Here are some news from the net:

From Tempo Online: "First, the 50-kilometer-long Baler-Bongabon Road (BBR), a vital road network linking Aurora to the rest of Central Luzon, has been rendered impassable to all kinds of vehicles since Monday due to the week-long downpour that hit the eastern province. Now, the entire Aurora province is without electricity. As of yesterday, Barangay Villa in Maria Aurora, in Aurora province, has been closed to traffic, after the bridge spanning the Villa River had been washed out by floodwaters. Newshen Grace Sansano, reporting in Baler from the stricken side of Aurora via cellphone, said that several electric posts of the Aurora electric cooperative (Aurelco) were felled by several landslides caused by the cascading floodwaters. The office of civil defense here was unable to provide immediate details as to the extent of the damage although search-and-rescue missions were mapped out yesterday. (Magtanggol C. Vilar)"

from Manila Bulletin: Hundreds stranded on vital road in Aurora & Nueva Ecija: 50-kilometer stretch impassable due to floods spawned by heavy rains.

*****

Meanwhile:

from inq7.net: DENR allows resumption of Aurora logging. "The Department of Environment and Natural Resources has lifted the suspension order on a timber company in Aurora, signaling the resumption of logging operations there after an eight-month nationwide ban following last year’s deadly landslides. Ricardo Calderon, forestry chief of the DENR in Central Luzon, confirmed on Thursday the permission given to the Industries Development Corp. (IDC) to resume operations.
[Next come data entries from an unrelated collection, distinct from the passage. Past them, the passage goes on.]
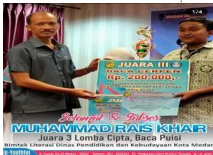
Figure 1. Documentation of Prize Presentation at Literacy Bimtek Activities

Although currently, the Al-Ulum School Library does not have special activities in its library, the school and library are able to improve the quality of education of students from other paths, such as recommending students in every literacy activity they have participated in, namely the creation and short story reading competition held by the Literacy Bimtek of the Medan City Education and Culture Office and won third place.
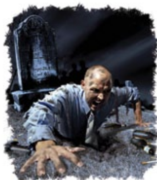
The 1,000-year period ends at the resurrection of the wicked.

Scripture taken from the New King James Version®. Copyright © 1982 by Thomas Nelson, Inc. Used by permission. All rights reserved.
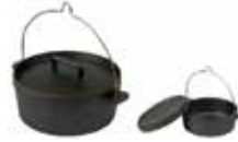
Dutch Oven, iron lid
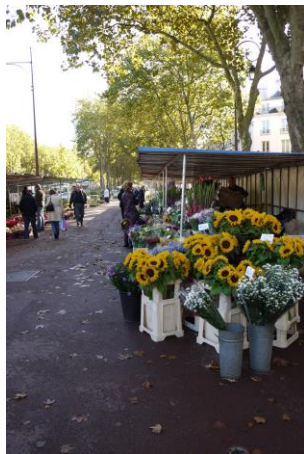
A lovely flower market

and some of the places Pepper (our Springer Spaniel) and I passed on our route;
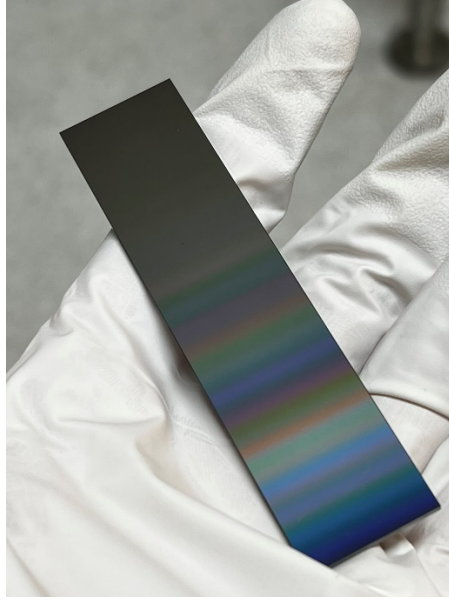
Figure 1: Full-size prototype of the MANTIS grating: a 96x23 mm VLS diffraction grating, with a 20 nm zirconium coating.
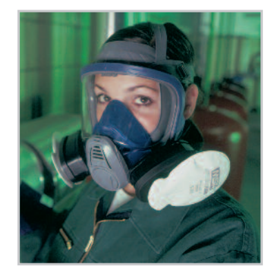
Advantage 3200 with TabTec and FLEXIfilter

The three filter lines are for use with Advantage 3200, Advantage 200 LS and Advantage 420.
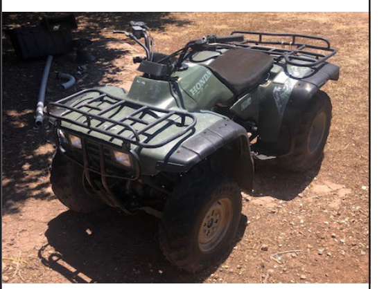
Engine noise, needs work, Located in Kanab

The firm, based in Casiguran, Aurora, holds two DENR-issued integrated forest management agreements (Ifma) over 48,877 hectares, which expires in December 2025, and over 9,466 hectares, which ends in October 2007."

these paragraphs from the same news are disturbing: "The clamor to reopen the IDC came from the municipal councils of Dilasag and Casiguran, which passed separate resolutions asking President Macapagal-Arroyo to allow “selective logging” in their areas. The provincial board, on the other hand, passed in April Resolution No. 39 to air its desire to “create job employment opportunities in the wood-based industry through the implementation of sustainable forest management strategies.”

Couple that with the fact that the provincial government is not against LEGAL logging and only after the illegal ones, one wonders on which side our government officials are on.

2 comments:

Anonymous said...

akaw kid kala ku magre-repack uli tayu ay wag naman na anu?

-enyel

Anonymous said...

legal or illegal form of logging, even the so-called selective form of timber harvesting, it would still exhaust the province's timber resources. those people who are in favor of logging and even mining in the province are only after for the short-term benefit that they could get from these activities, not taking into consideration the welfare of the people of aurora. shame on those people!!!!